Der Lido selbst war wegen des guten Wetters an diesem Abend leider nur spärlich befüllt, da nur etwa 150 Zuschauer die Darbietungen verfolgten. Für diese geringe Zuschauerzahl aber ist der Raum im Lido eindeutig zu groß, so daß Slammer und Publikum letztlich entrückt sind: Es herrschte kaum Kontakt und die eigentlich bei jedem Slam intendierte Interaktion war nicht möglich, da die Slammer auf einer Theaterbühne standen, hoch über und weit entfernt vom Publikum. Dieser Effekt tritt aber wohl immer auf – unabhängig davon, wie voll es wirklich ist. Die halbe Höhe der Bühne und die halbe Fläche hätten die Stimmung sicher gehoben.
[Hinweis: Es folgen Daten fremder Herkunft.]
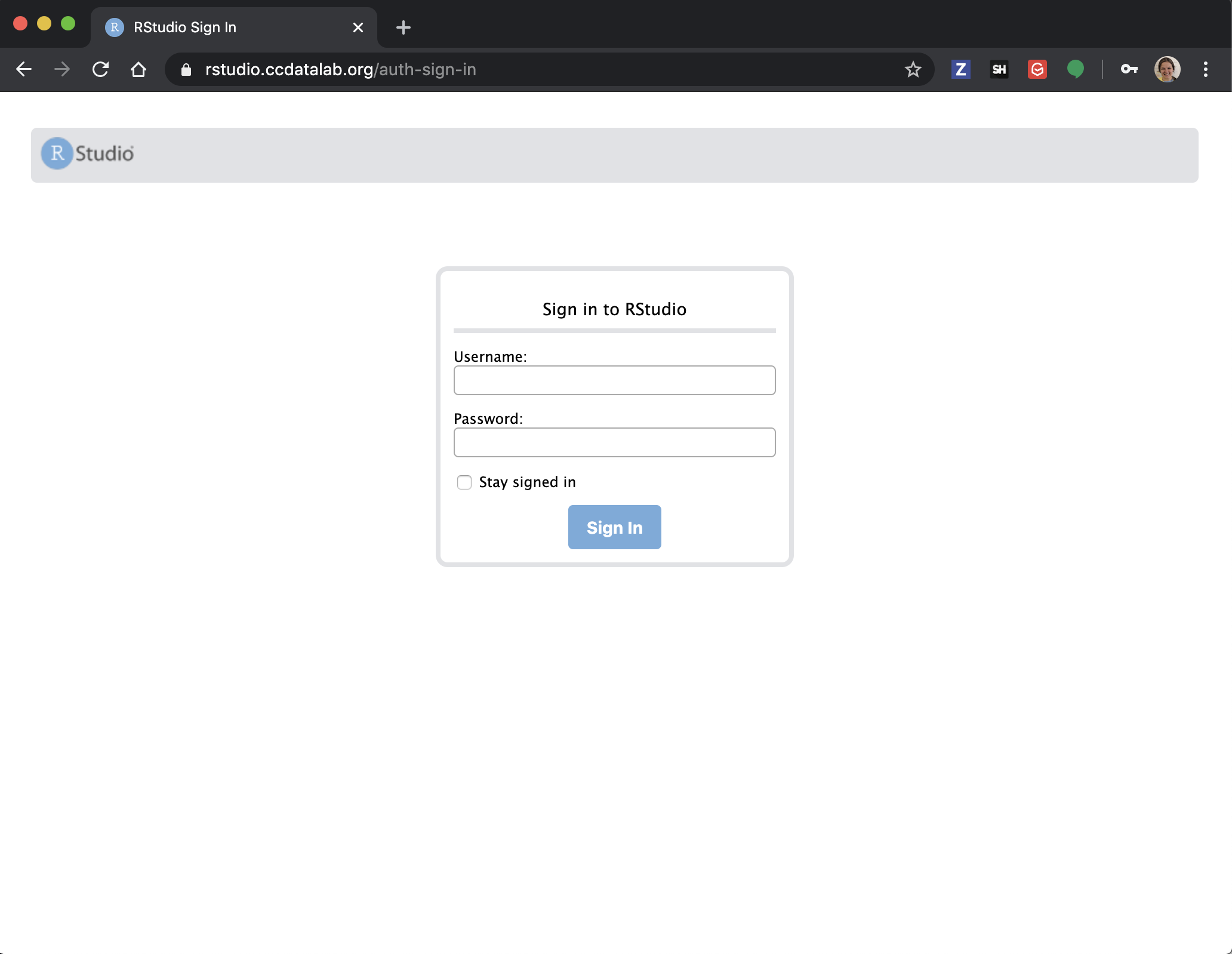Go to https://rstudio.ccdatalab.org and type in your username and temporary password, and click Sign in.
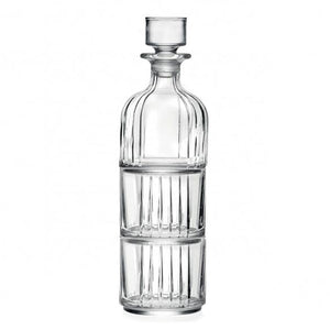 The Beacon Stackable Decanter Set is a four-piece set that includes a crystal decanter with stopper and two matching rocks glasses. Crafted in Italy from premium LUXION® lead-free crystal, the decanter and glasses are heavy for their size, offering a satisfying weight in the hand. Vertical crystal cuts capture and reflect light, enhancing the rich hues of aged spirits like whiskey or brandy.
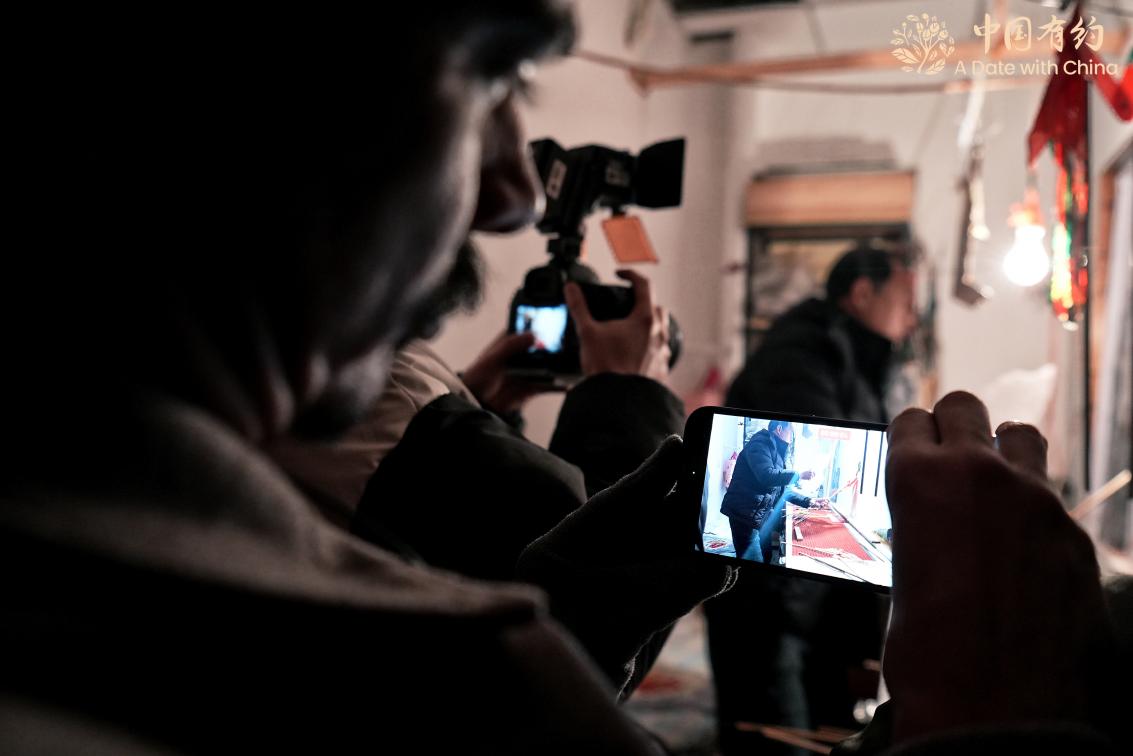 外国朋友用相机记录皮影戏表演。在古文化街,国际采访团的外国朋友们学习了捏泥人,体验了皮影戏表演,还亲手制作并品尝了正宗的天津煎饼,沉浸式感受了一把好吃又好玩的天津范儿。
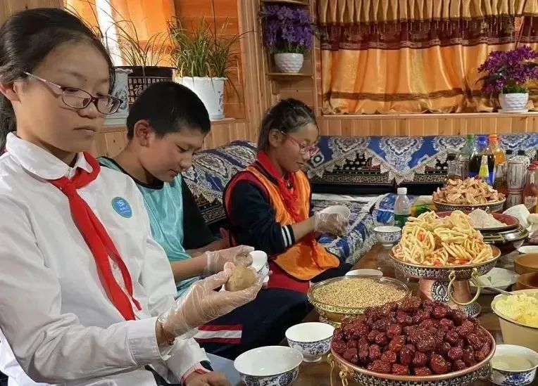 在“藏家”融情交流中,各地少先隊(duì)員在農(nóng)家一起學(xué)習(xí)制作西藏傳統(tǒng)美食糌粑、卡塞等,一個(gè)個(gè)極具創(chuàng)意造型的“小卡塞”,精致巧妙,隊(duì)員們共學(xué)、共樂、共享,體悟藏家民族風(fēng)俗,沉浸在歡樂的氛圍中?!皡⒓哟舜沃黝}隊(duì)會(huì)交流活動(dòng)我非常開心,深度體驗(yàn)了‘藏家’民俗,看到祖國邊疆鄉(xiāng)村的小康生活,豐富的活動(dòng)讓我增強(qiáng)了對(duì)中華民族優(yōu)秀文化的認(rèn)同感和自豪感,我要繼續(xù)爭做小石榴籽,切實(shí)鑄牢中華民族共同體意識(shí)”來自重慶市璧山區(qū)劍山實(shí)驗(yàn)小學(xué)五(3)中隊(duì)隊(duì)員李思穎表示。
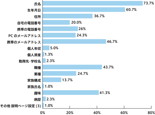 「氏名」73.7%が最も多く、次いで「生年月日」60.7%、「携帯のメールアドレス」46.7%と続いた。先月公開した「インターネットセキュリティーに関する調査(中)」の 中で、Webサイトへ入力するのに抵抗を感じる情報について「自宅の電話番号」(72.2%)や「住所」(64.8%)、「携帯の電話番号」 (54.9%)となり、個人情報として、入力することにユーザーが抵抗を感じていることがわかる。
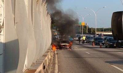 Um carro pegou fogo, na manhã desta segunda-feira (16), na Linha Vermelha, na altura da Ponte do Saber, no sentido Centro. Equipes dos bombeiros e da...
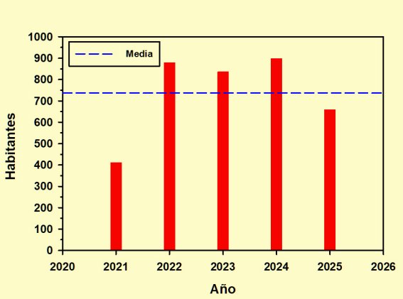 Aunque la gráfica abarca tan sólo cinco años, podemos apreciar que la diferencia entre ambas series estadísticas oscila entre un mínimo de 412 habitantes en 2021 y un máximo de 898 en 2024, con un valor medio de 737. No es demasiado en un conjunto de alrededor de 200.000 personas, apenas un 0,45 % del total, pero no por ello deja de ser llamativo.
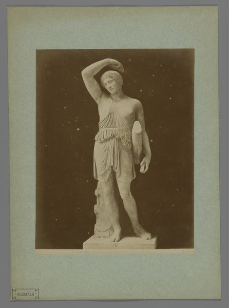 This is an undated photograph of the sculpture "Athena van Velletri" by an anonymous artist. This photo invites us to consider the historical and cultural contexts that have shaped the artistic representation, and modern understanding, of mythological female figures. Athena, the Greek goddess of wisdom, crafts, and warfare, embodies a complex set of attributes that have been reinterpreted across centuries. Here, she's depicted with a blend of strength and serenity. Her poised stance and classical drapery, although idealized, reflect a certain cultural ideal of femininity. We might ask ourselves, does this representation reinforce or challenge traditional notions of gender and power? How does the photograph itself, as a medium, influence our perception of this classical form? The photograph also speaks to the enduring legacy of classical art. It prompts us to reflect on the ways in which we continue to engage with and reinterpret the stories of these iconic figures. It challenges us to consider what they might mean to us today.
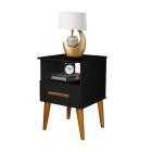 Mesa de Cabeceira Nicho Mesinha Quarto 1 Gaveta Puxador Concha Lauren Estilo Retrô - Preto/Freijó - Lojas RPM
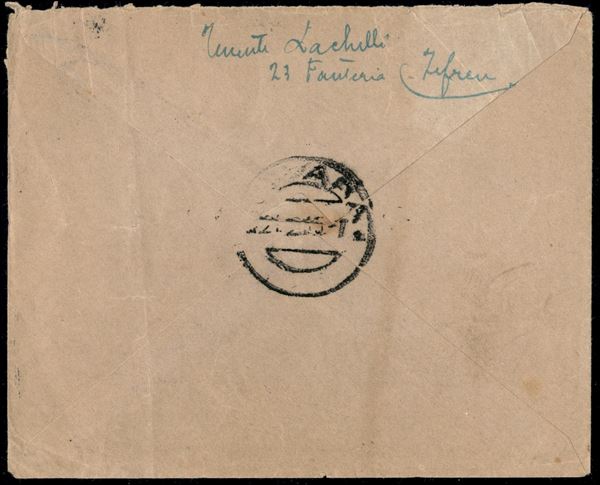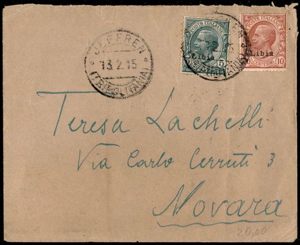 Jeffren (Tripolitania) 13.2.15 - 5 cent (3) + 10 cent (4) su busta per Novara
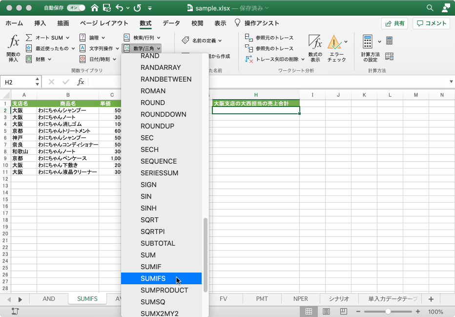 - 合計を求めるセルを選択して、[数式]タブの[数学/三角]から[SUMIFS]を選択します。
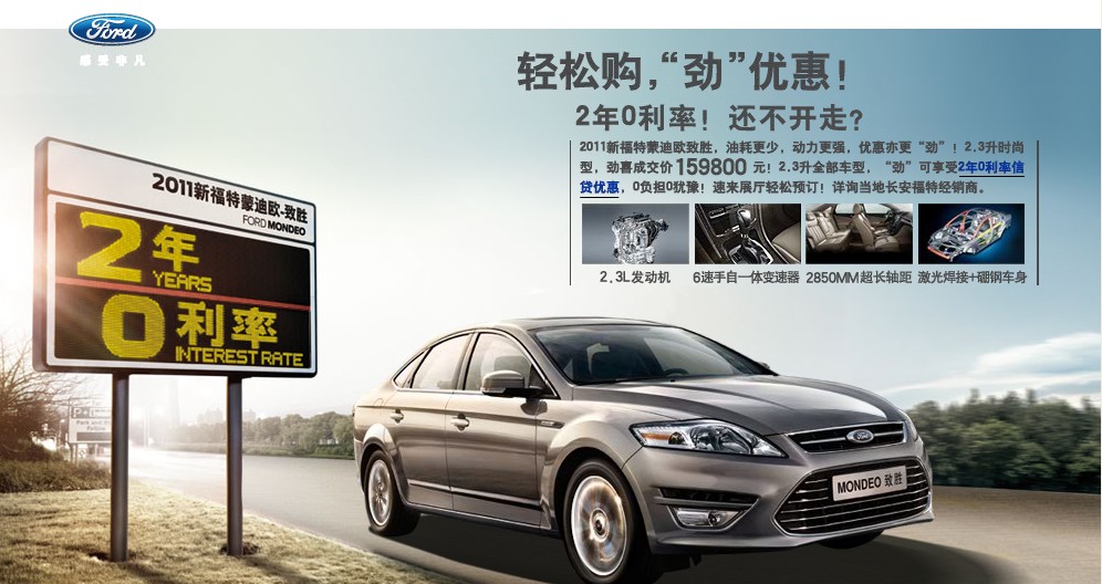2011新福特蒙迪歐-致勝,油耗更少,動(dòng)力更強(qiáng),優(yōu)惠更“勁”!2.3升時(shí)尚型,驚喜獎(jiǎng)僅15.98萬(wàn)元!2.3升全部車型,“勁”可享受2年0利率信貸優(yōu)惠,0負(fù)擔(dān)0猶豫!速來展廳輕松預(yù)訂!
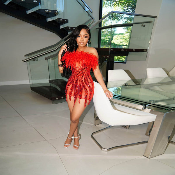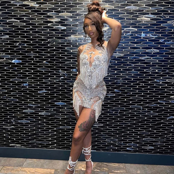 Crystal Fringe Cutout Bandage Mini Dress
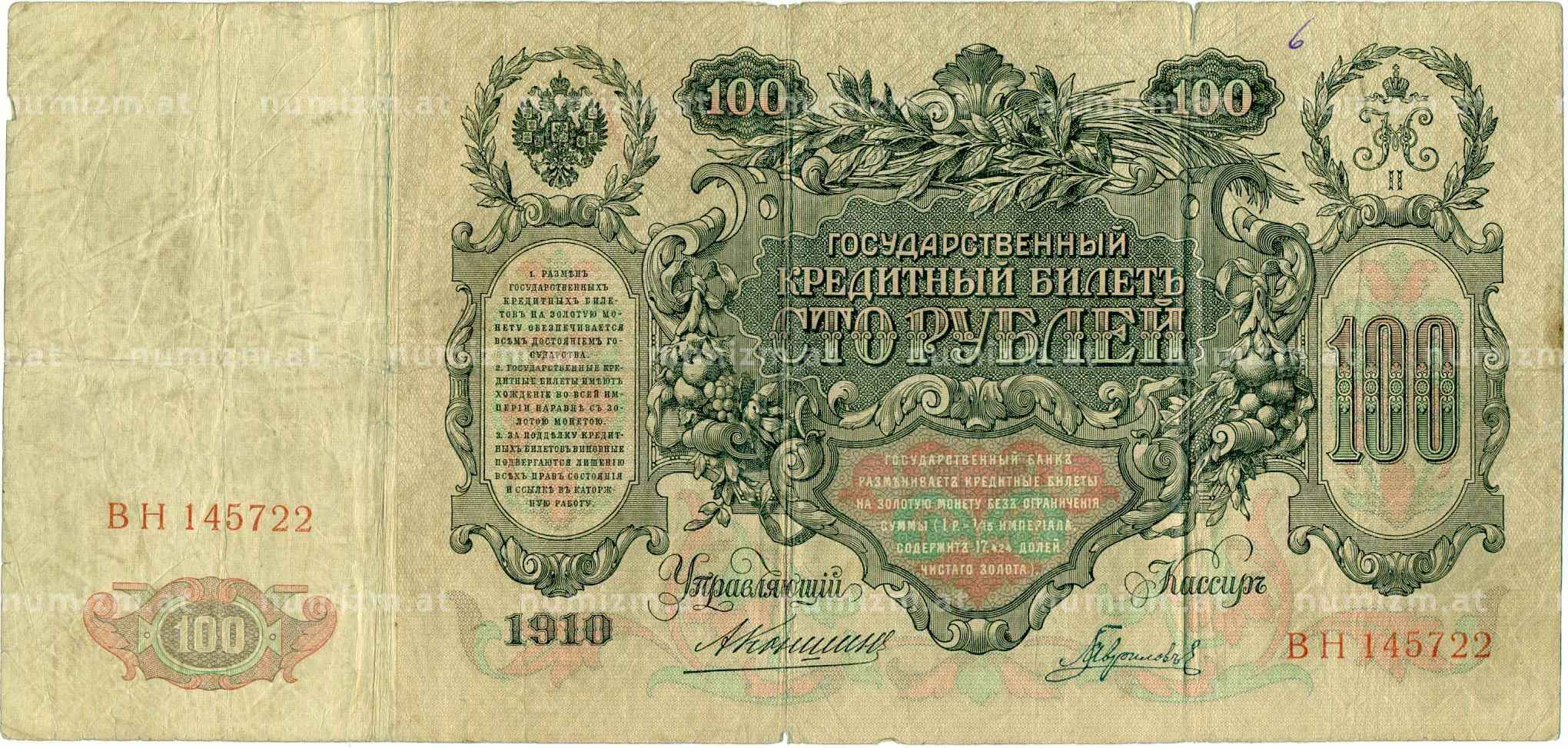 Купить 100 рублей 1910 года Коншин / Гаврилов по привлекательной цене можно в нашем интернет-магазине — Вам достаточно оформить заказ на сайте. Все монеты, представленные в каталоге, находятся в наличии на нашем складе.
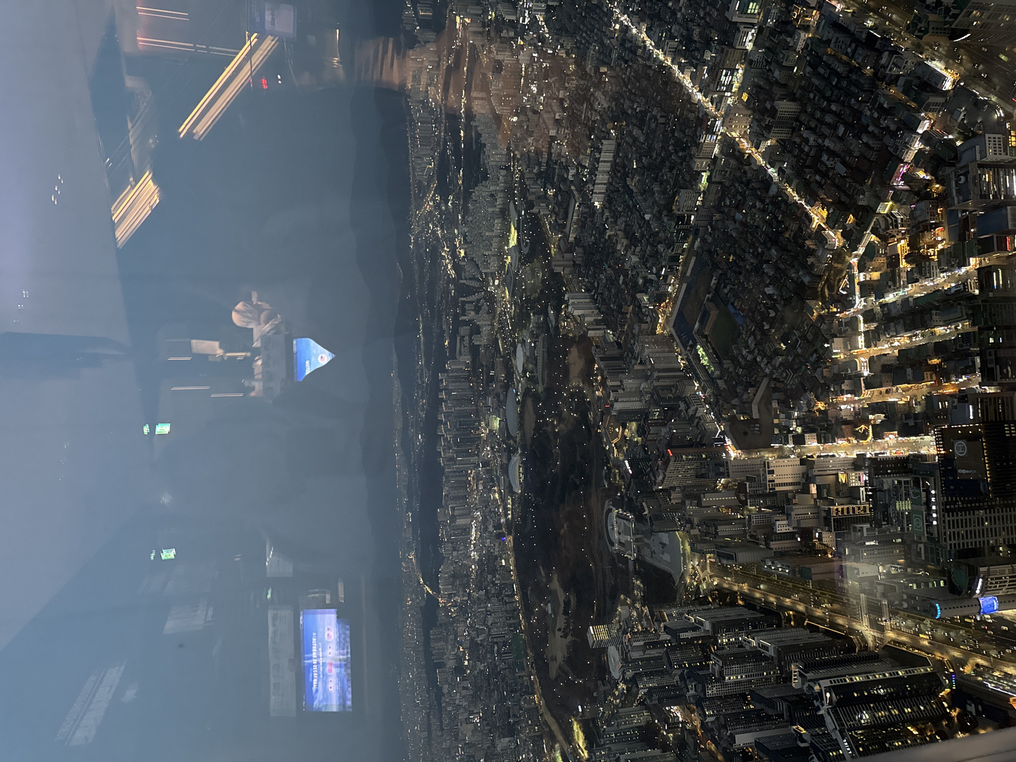 The image presents a high-angle, panoramic view of the city of Seoul, South Korea, at night, observed from within a building through a reflective glass window
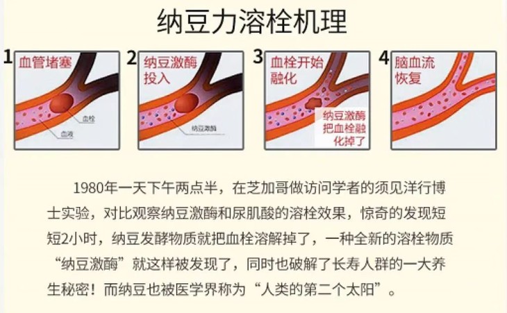 日本著名医学家须见洋行博士曾做过一个「两点半实验」把纳豆发酵液和血栓混合在一起,短短两个小时之内纳豆激酶就把血栓完全溶解了。
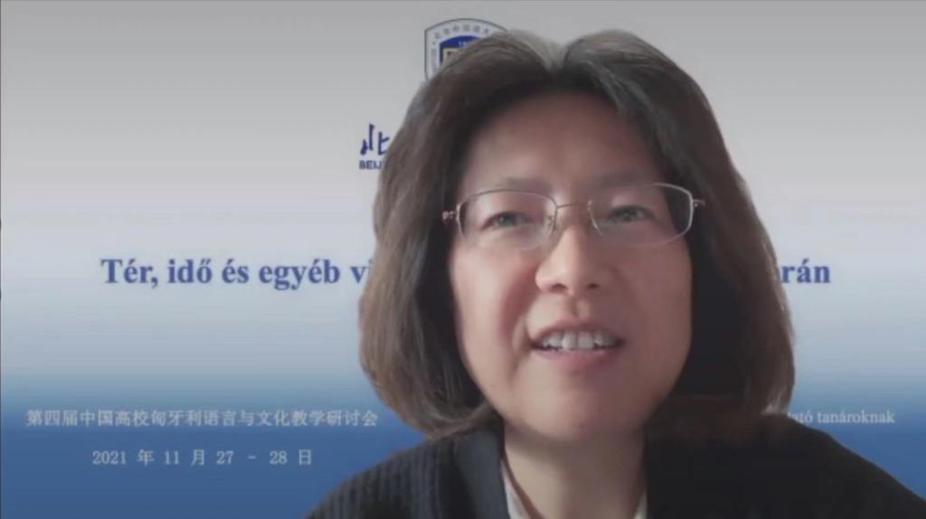 匈牙利研究中心主任、北外欧洲语言文化学院匈牙利语教研室主任许衍艺副教授向来宾致欢迎辞。许衍艺感谢李斯特中心—北京匈牙利文化中心宋妮雅参赞对中国高校匈牙利语教学研讨会及北外匈语专业的支持。她表示,疫情对我们的日常教学、学生的交换计划都产生了一定的影响,但教师们能够积极克服教学计划的调整、教学材料的短缺等带来的不利影响,保障良好的教学效果。许衍艺回顾了去年研讨会的讲座内容,并简要介绍了今年研讨会的主题。她希望各位参会老师能够充分利用这次研讨会的机会,将讲座内容与自己的教学经验结合起来,同时,她也希望未来能有更多高校的教师在研讨会上分享教学经验、探讨教学改革问题。
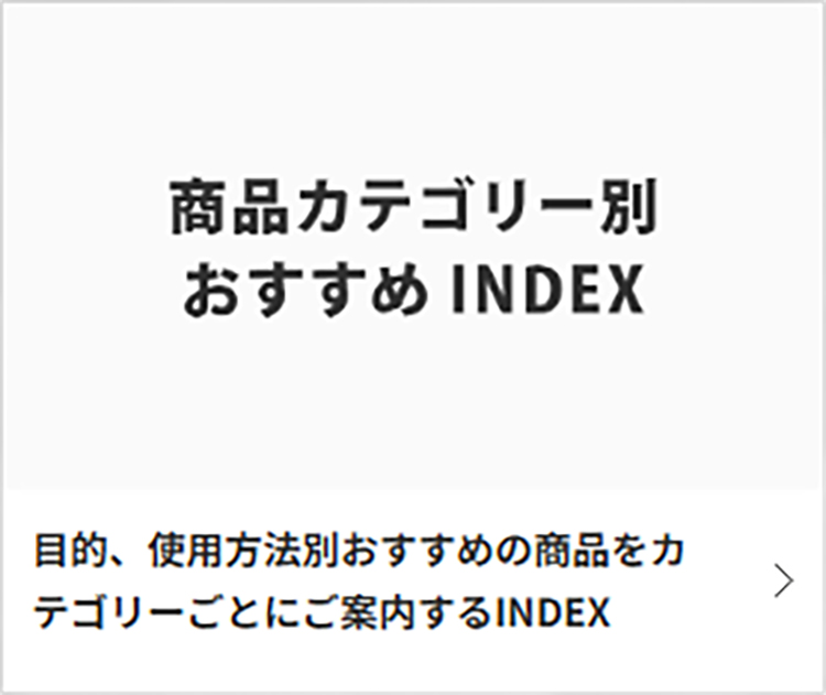 各商品カテゴリーごとの「おすすめ」コンテンツページを集めたINDEXです。商品選び、用途選びの際の参考に、また各商品をまたいでご使用の場合の参考にご覧ください。

Die Slammer selbst kamen dieses Mal aus der gesamten Republik und nur drei Slammer kamen aus Berlin. Hier hatte sich die Organisatorin viel Mühe gegeben, ihr line-up zu komplettieren. Mit sechs Vortragenden waren der Slam gut bestückt und wesentlich mehr Themen kann man als Zuschauer auch an einem abend kaum aufnehmen. Alle Slammer waren männlich. Das Publikum hätte sich jedoch eine andere Verteilung gewünscht, aber das weibliche Hamburger Duo aus Organisatorin Julia Offe und Moderatorin Friederike Moldenhauer kann Frauen natürlich nicht zwingen, ihre Arbeiten auf der Bühne zu präsentieren. Die Riege der Slammer war mit Felix Büsching von der TU Braunschweig und Andre Lampe von der Uni Bielefeld recht professionell besetzt. Felix Büsching hat schon in Braunschweig Erfahrungen im Science Slam gesammelt und Andre Lampe nennt die Poetry Slam Bühne seit 4 Jahren sein zu Hause. Doch im Science Slam ist wie im Poetry Slam alles möglich und das Rennen machte dieses Mal Fabian Hemmert in der Rolle des underdog mit einem Vortrag ohne elektronische Hilfsmittel über die Rolle des Ulmensterbens für die Entwicklung unserer Zivilisation – ein für mein Verständnis völlig zu Recht abgeräumter Titel für eine tolle live-performance!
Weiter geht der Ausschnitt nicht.